* _WHAT THE EXERCISE ASKS_
Starting at the top of the records below, write out each line exactly as it stands, stopping after the line with "Homemade Sanmuzi Elastic"; exclude the pictures.

------ ENTRIES PROVIDED ------

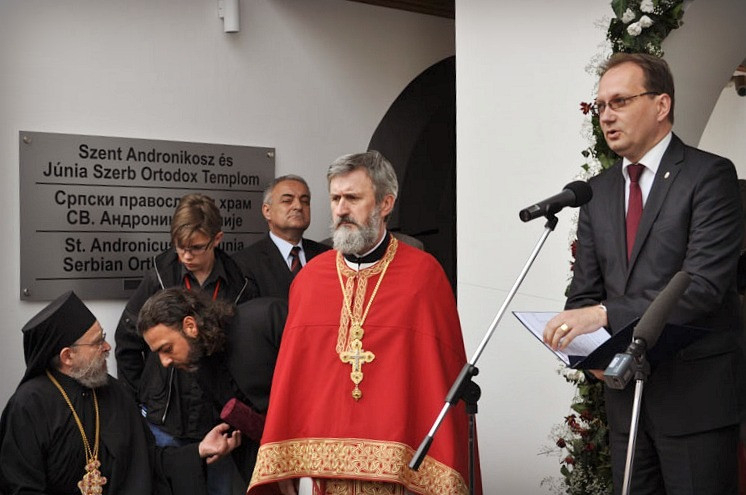 Az ünnepségen a Pécsi Egyházmegye részéről Garadnay Balázs helynök vett részt, aki tolmácsolta Udvardy György pécsi megyéspüspök jókívánságait, és átadta az egyházmegye ajándékát is. A szerb kápolna megépítésére a katolikus templomokban is gyűjtöttek.
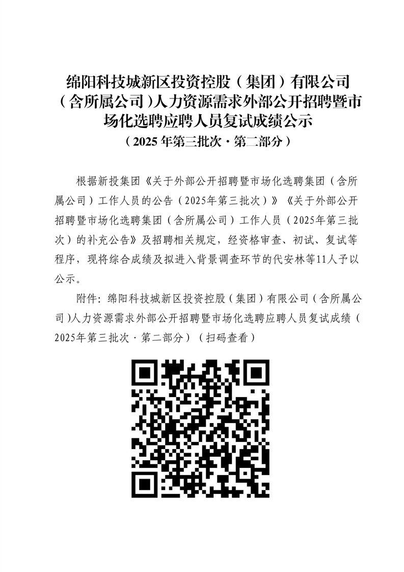 綿陽科技城新區(qū)投資控股(集團(tuán))有限公司(含所屬公司)人力資源需求外部公開招聘暨市場(chǎng)化選聘應(yīng)聘人員復(fù)試成績(jī)公示(2025年第三批次·第二部分)
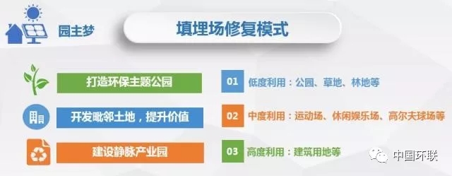 南京萬(wàn)德斯的“園主夢(mèng)”主要基于以下三種修復(fù)模式,第一,低度利用,打造環(huán)保主題公園,可將填埋場(chǎng)開(kāi)發(fā)成城市周圍的草地、林地、近郊旅游地或者公園;第二,中度利用,依托修復(fù)后的高標(biāo)準(zhǔn)公園綠地進(jìn)行毗鄰?fù)恋氐纳虡I(yè)開(kāi)發(fā)(如運(yùn)動(dòng)場(chǎng)、休閑娛樂(lè)場(chǎng)、高爾夫球場(chǎng)等);第三,高度利用,建設(shè)靜脈產(chǎn)業(yè)園,將其能源價(jià)值發(fā)揮出來(lái)。
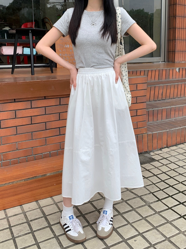 Homemade Sanmuzi Elastic waist pleated blue skirt for women in spring and summer high waist mid-length white A-line skirt
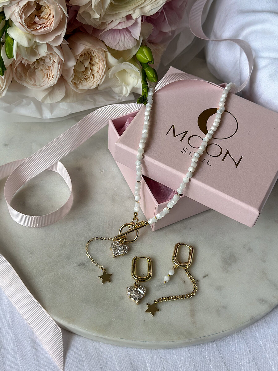 Чокер из натурального камня, Регулируемый 39 см (+4), Колье Avrora на шею из жемчуга, Украшение с подвеской в форме сердца из ювелирного стекла на цепочке, Подарок для женщин, девушек, MOON SOUL
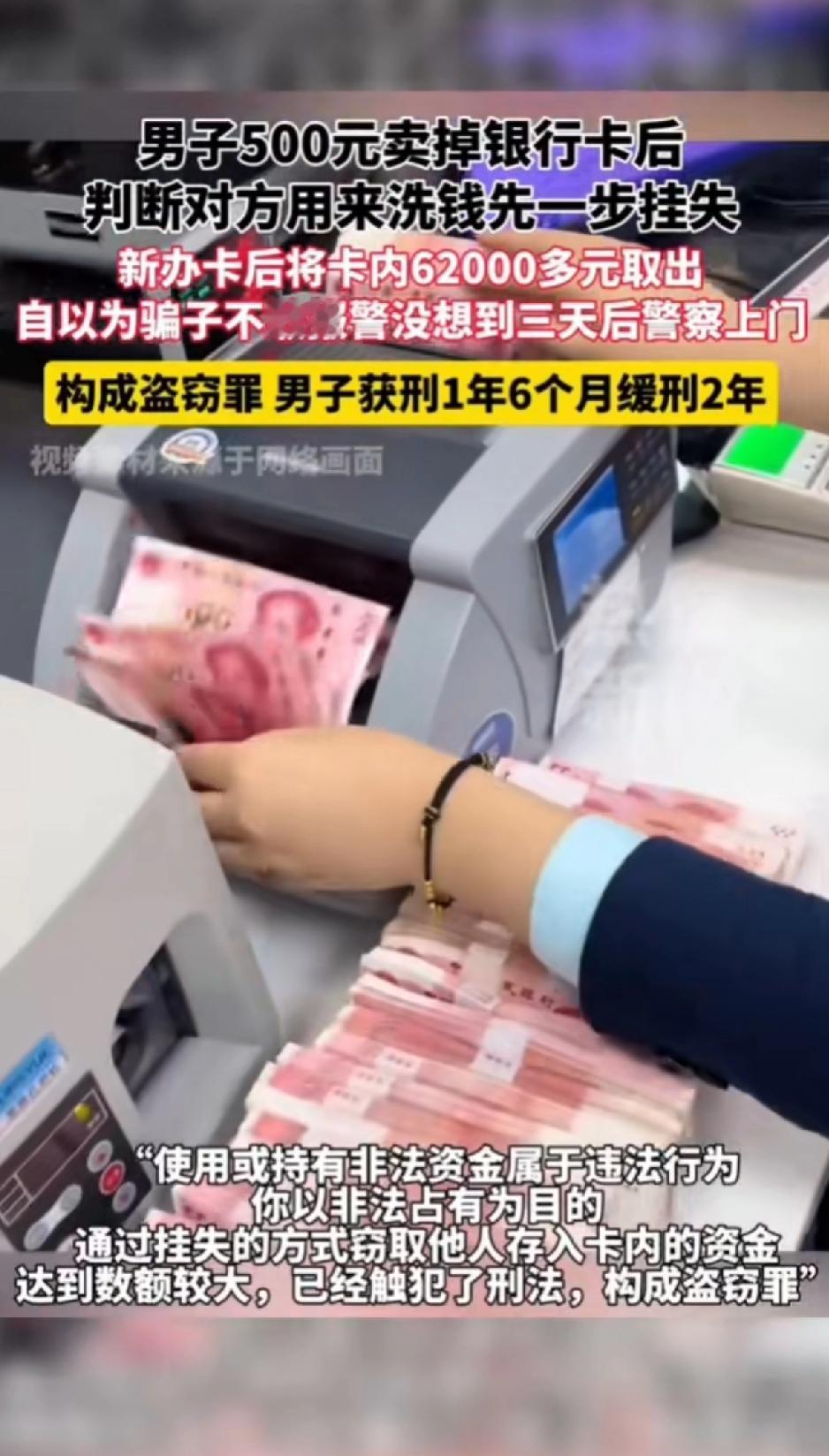男子500元卖掉银行卡,判断对方用来洗钱先一步挂失,新办卡后将卡内62000多元
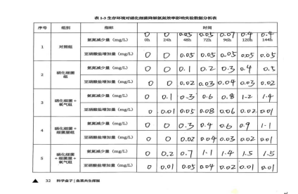 表1-3 生存环境对硝化细菌降解氨氮效率影响实验数据分析表
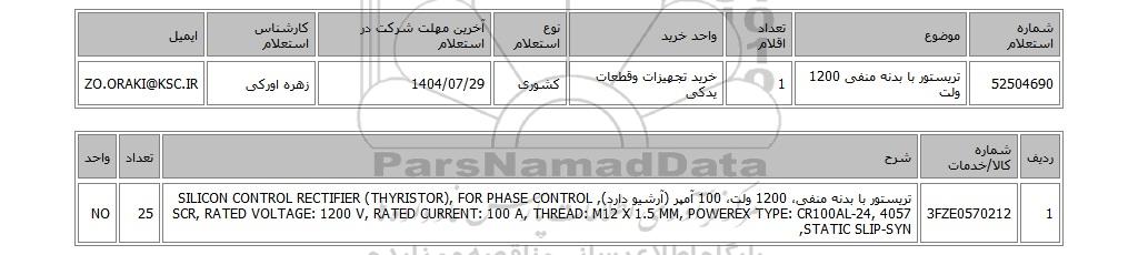 استعلام تریستور با بدنه منفی 1200 ولت, استعلام تریستور با بدنه منفی 1200 ولت

------

* _YOUR RESPONSE_
 Az ünnepségen a Pécsi Egyházmegye részéről Garadnay Balázs helynök vett részt, aki tolmácsolta Udvardy György pécsi megyéspüspök jókívánságait, és átadta az egyházmegye ajándékát is. A szerb kápolna megépítésére a katolikus templomokban is gyűjtöttek.
 綿陽科技城新區(qū)投資控股(集團(tuán))有限公司(含所屬公司)人力資源需求外部公開招聘暨市場(chǎng)化選聘應(yīng)聘人員復(fù)試成績(jī)公示(2025年第三批次·第二部分)
 南京萬(wàn)德斯的“園主夢(mèng)”主要基于以下三種修復(fù)模式,第一,低度利用,打造環(huán)保主題公園,可將填埋場(chǎng)開(kāi)發(fā)成城市周圍的草地、林地、近郊旅游地或者公園;第二,中度利用,依托修復(fù)后的高標(biāo)準(zhǔn)公園綠地進(jìn)行毗鄰?fù)恋氐纳虡I(yè)開(kāi)發(fā)(如運(yùn)動(dòng)場(chǎng)、休閑娛樂(lè)場(chǎng)、高爾夫球場(chǎng)等);第三,高度利用,建設(shè)靜脈產(chǎn)業(yè)園,將其能源價(jià)值發(fā)揮出來(lái)。
 Homemade Sanmuzi Elastic waist pleated blue skirt for women in spring and summer high waist mid-length white A-line skirt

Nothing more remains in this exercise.